Ayer, en esas conversaciones calladas de la hora de dormir, Pato me preguntó cómo hacía yo para quedarme tanto tiempo en la cama.
Le dije varias cosas, pero ninguna sonaba bien. Por dentro, en el carril paralelo mental, pensaba en el mal ejemplo que le doy, de esa mamá vaga, que no se mueve de la cama, haciéndose la enferma o que simplemente no quiere hacer nada.
La pregunta se quedó conmigo. Posiblemente con Pato no. Ya no se debe acordar que me preguntó.
Pero yo sí me acuerdo. Y me llevé a la piscina esa vergüenza y esa pregunta.
El agua me permitió elaborar sobre la pregunta. Y hoy, en la noche, le explicaré a Pato.
Puedo quedarme mucho tiempo en mi cama porque estoy acostumbrada. Porque desde que aprendí a leer, era el lugar para huir de la realidad y hundirme en un libro. Consumirme, nadar por debajo de las hojas, ver otro lugar, escuchar otras personas.

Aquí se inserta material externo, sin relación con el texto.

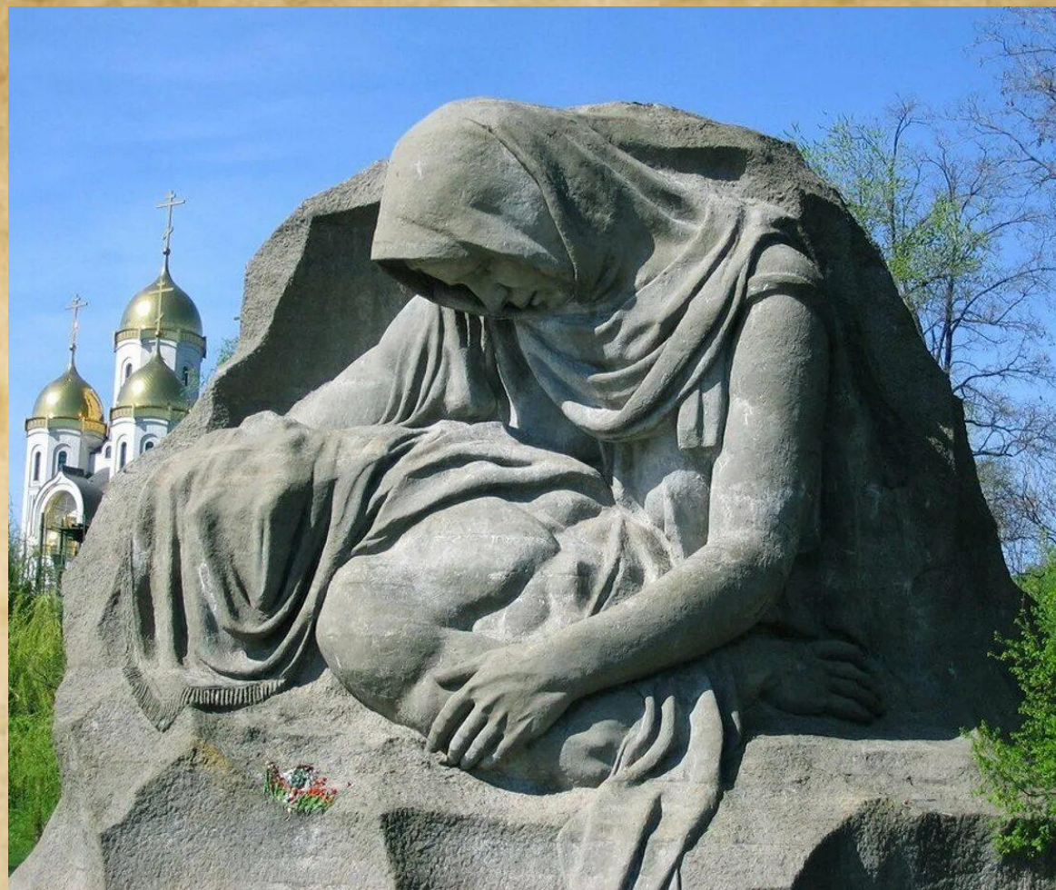
Скульптура «Скорбящая мать»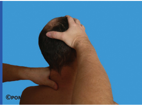
Figures 8.8 et 8.9 : Test impaction facettaire

Ce test n'est pas spécifique mais il permet de voir si l'extension-inclinaison de la tête en homolatérale est douloureuse.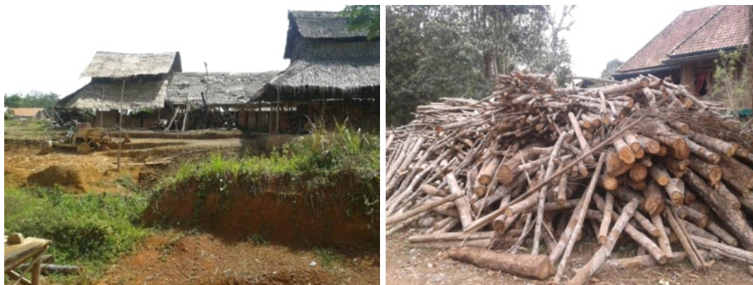
Gambar 4. Bahan baku kayu karet untuk pembuatan batu bata di Sumatera Selatan Figure 4. Raw material of rubberwood in brick production in South Sumatra

Puedo quedarme mucho tiempo en la cama porque puedo leer por horas, sin cansarme.
Puedo quedarme mucho tiempo en la cama porque es el espacio que nadie invade, que, por alguna razón, todos respetan. Porque es el único lugar en silencio, como el agua.
Puedo quedarme en la cama porque ahí me siento protegida, a salvo, segura, cómoda.
Puedo quedarme en la cama porque el cáncer me obligó a aprender a descansar, a escuchar al cuerpo, a respetar cuando no tenía energía, a esperar a que pasara lo peor.
Puedo quedarme en la cama porque desde ahí puedo trabajar, pensar, escribir.
No porque sea vaga. No porque no tenga nada que hacer. No porque esté vegetando.
Las personas nos quedamos en la cama por muchas razones. Y no todas son malas.
Mi cama es el paraíso del que nadie me puede expulsar.